Inelastic O+H collisions and the OI 777nm solar centre-to-limb variation

TL;DR

This study develops a physically-motivated model for inelastic O+H collisions that accurately reproduces the solar centre-to-limb variation of the OI 777 nm triplet, improving oxygen abundance measurements in stellar atmospheres.

Contribution

A new model for inelastic O+H collisional rates using an asymptotic two-electron approach, eliminating the need for calibration and enhancing non-LTE line formation accuracy.

Findings

Reproduces the solar centre-to-limb variation to 0.02 dex

Supports a low solar oxygen abundance of log epsilon_O=8.69

Improves the physical basis of non-LTE oxygen line modeling

Abstract

The OI 777 nm triplet is a key diagnostic of oxygen abundances in the atmospheres of FGK-type stars; however it is sensitive to departures from local thermodynamic equilibrium (LTE). The accuracy of non-LTE line formation calculations has hitherto been limited by errors in the inelastic O+H collisional rate coefficients: several recent studies have used the so-called Drawin recipe, albeit with a correction factor $\mathrm{S_{H}}$ that is calibrated to the solar centre-to-limb variation of the triplet.

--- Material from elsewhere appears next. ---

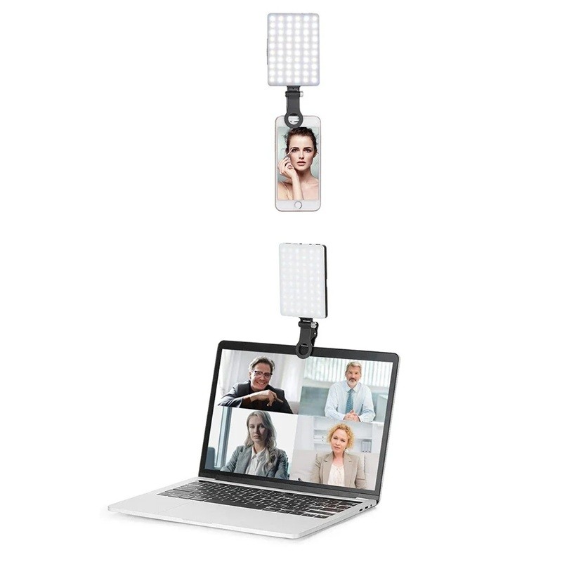 Página inicial Página inicial Fotografia, áudio-vídeo, gaming Acessórios de fotografia LED luz suplementar com clipe para telemóvel 2000 mAh 3 modos de iluminação Brilho ajustável USB-C Micro USB Maquilhagem Vídeo Selfie Luz para telefone

We present a new model oxygen atom that incorporates inelastic O+H collisional rate coefficients using an asymptotic two-electron model based on linear combinations of atomic orbitals, combined with a free electron model, based on the impulse approximation. Using a 3D hydrodynamic stagger model solar atmosphere and 3D non-LTE line formation calculations, we demonstrate that this physically-motivated approach is able to reproduce the solar centre-to-limb variation of the triplet to 0.02 dex, without any calibration of the inelastic collisional rate coefficients or other free parameters. We infer $\log\epsilon_{\mathrm{O}}=8.69\pm0.03$ from the triplet alone, strengthening the case for a low solar oxygen abundance.